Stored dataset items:
○ ○ ○
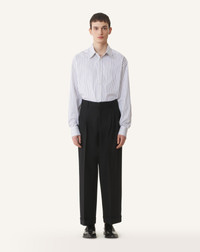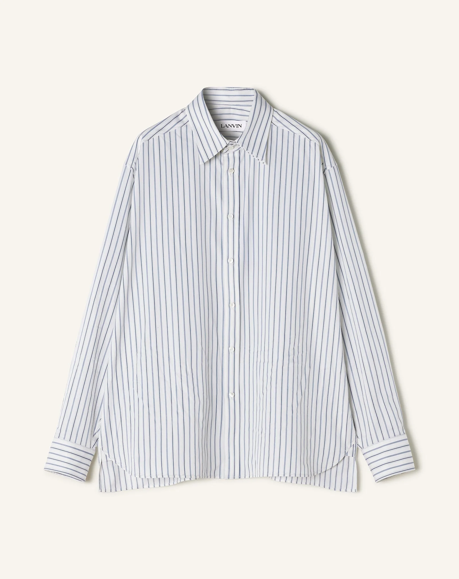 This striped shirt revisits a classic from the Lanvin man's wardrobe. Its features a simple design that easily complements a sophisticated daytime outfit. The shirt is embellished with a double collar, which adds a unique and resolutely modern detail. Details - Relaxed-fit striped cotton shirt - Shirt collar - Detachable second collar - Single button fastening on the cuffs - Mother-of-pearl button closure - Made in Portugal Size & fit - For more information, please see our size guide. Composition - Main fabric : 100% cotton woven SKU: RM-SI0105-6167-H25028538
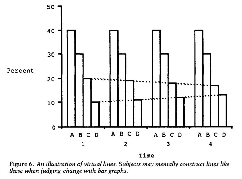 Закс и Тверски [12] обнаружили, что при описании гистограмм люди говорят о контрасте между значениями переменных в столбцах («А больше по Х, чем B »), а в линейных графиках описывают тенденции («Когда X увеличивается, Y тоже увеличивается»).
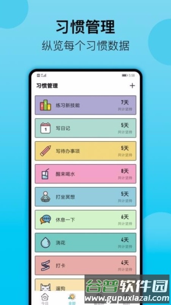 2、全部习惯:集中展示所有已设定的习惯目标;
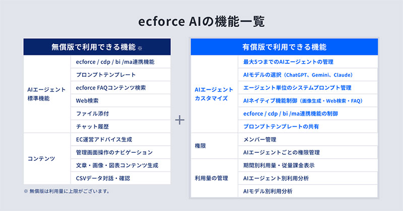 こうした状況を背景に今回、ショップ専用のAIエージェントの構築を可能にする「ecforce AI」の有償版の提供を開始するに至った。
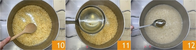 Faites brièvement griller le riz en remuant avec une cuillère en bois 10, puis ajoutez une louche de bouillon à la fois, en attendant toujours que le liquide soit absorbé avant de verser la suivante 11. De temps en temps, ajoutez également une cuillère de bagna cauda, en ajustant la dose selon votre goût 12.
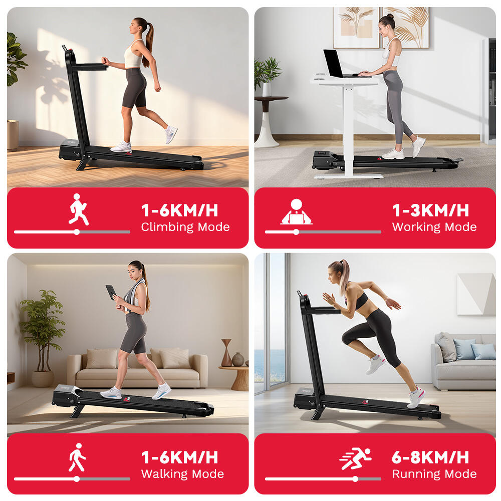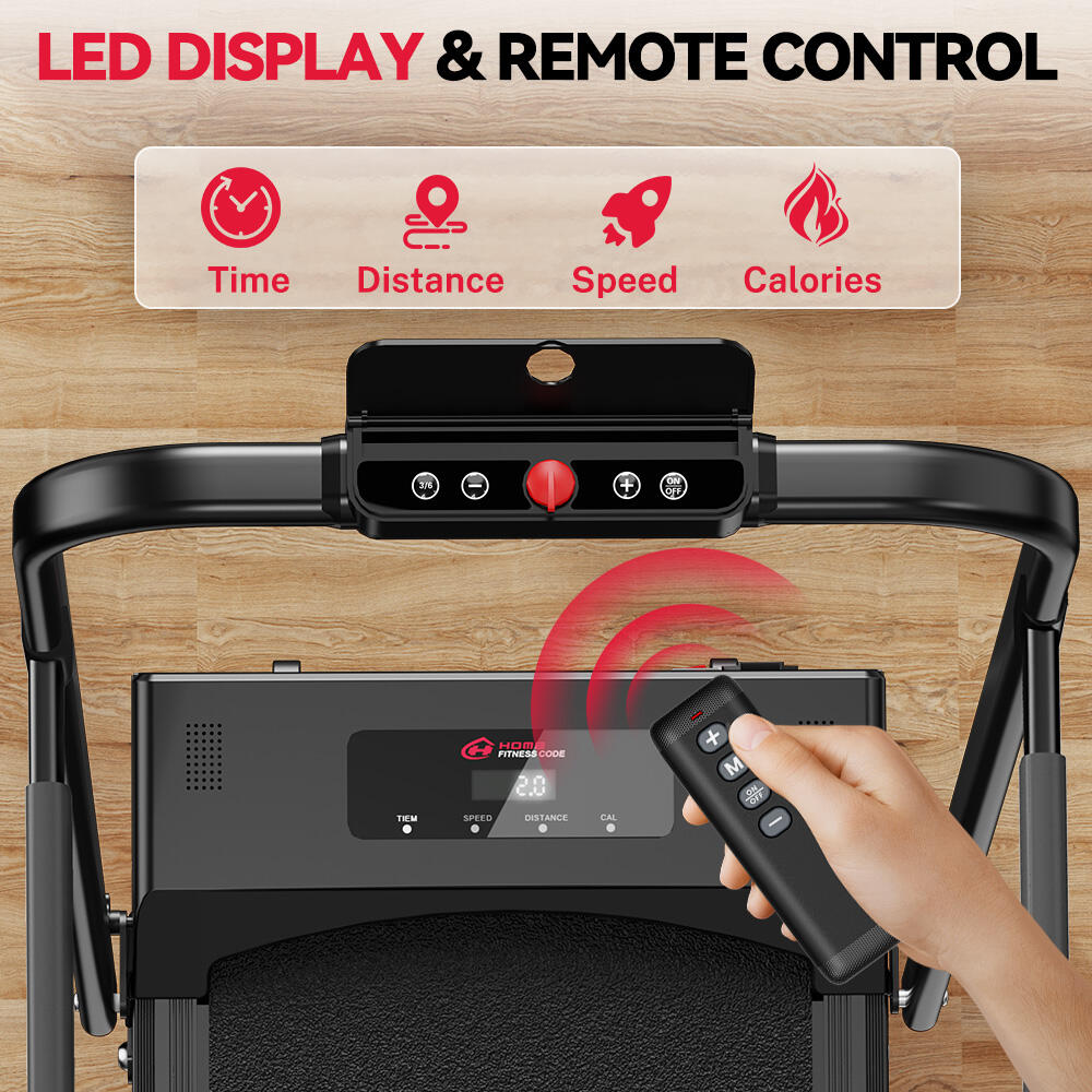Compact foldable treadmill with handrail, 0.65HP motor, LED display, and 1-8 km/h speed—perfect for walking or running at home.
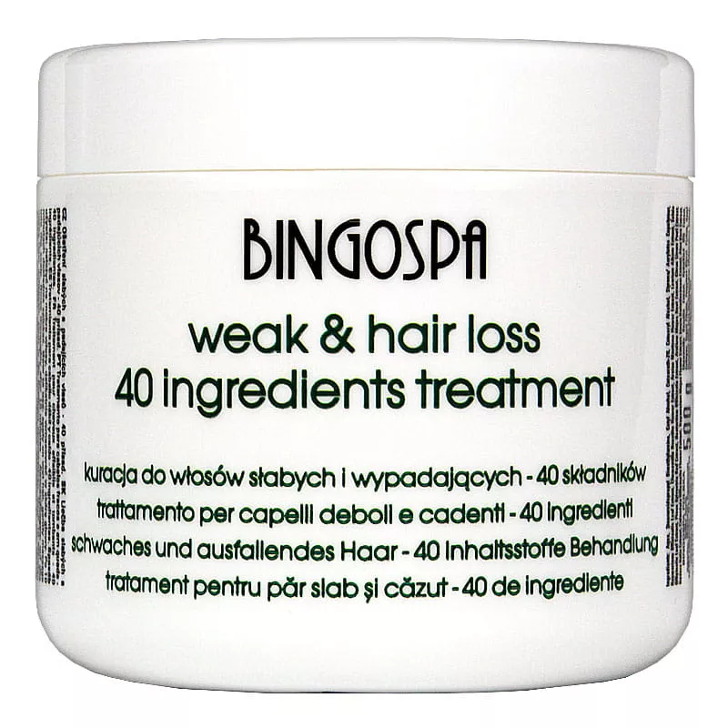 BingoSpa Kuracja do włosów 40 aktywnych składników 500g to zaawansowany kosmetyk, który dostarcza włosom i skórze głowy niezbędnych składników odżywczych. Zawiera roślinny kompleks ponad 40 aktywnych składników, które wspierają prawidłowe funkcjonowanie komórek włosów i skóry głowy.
○ ○ ○
Work request
Starting at the line containing "2、全部习惯:集中展示所有已设定的习惯目标;" and finishing at the line containing "こうした状況を背景に今回、シ", return those lines exactly as they appear above, without the pictures.

Answer space
 2、全部习惯:集中展示所有已设定的习惯目标;
 こうした状況を背景に今回、ショップ専用のAIエージェントの構築を可能にする「ecforce AI」の有償版の提供を開始するに至った。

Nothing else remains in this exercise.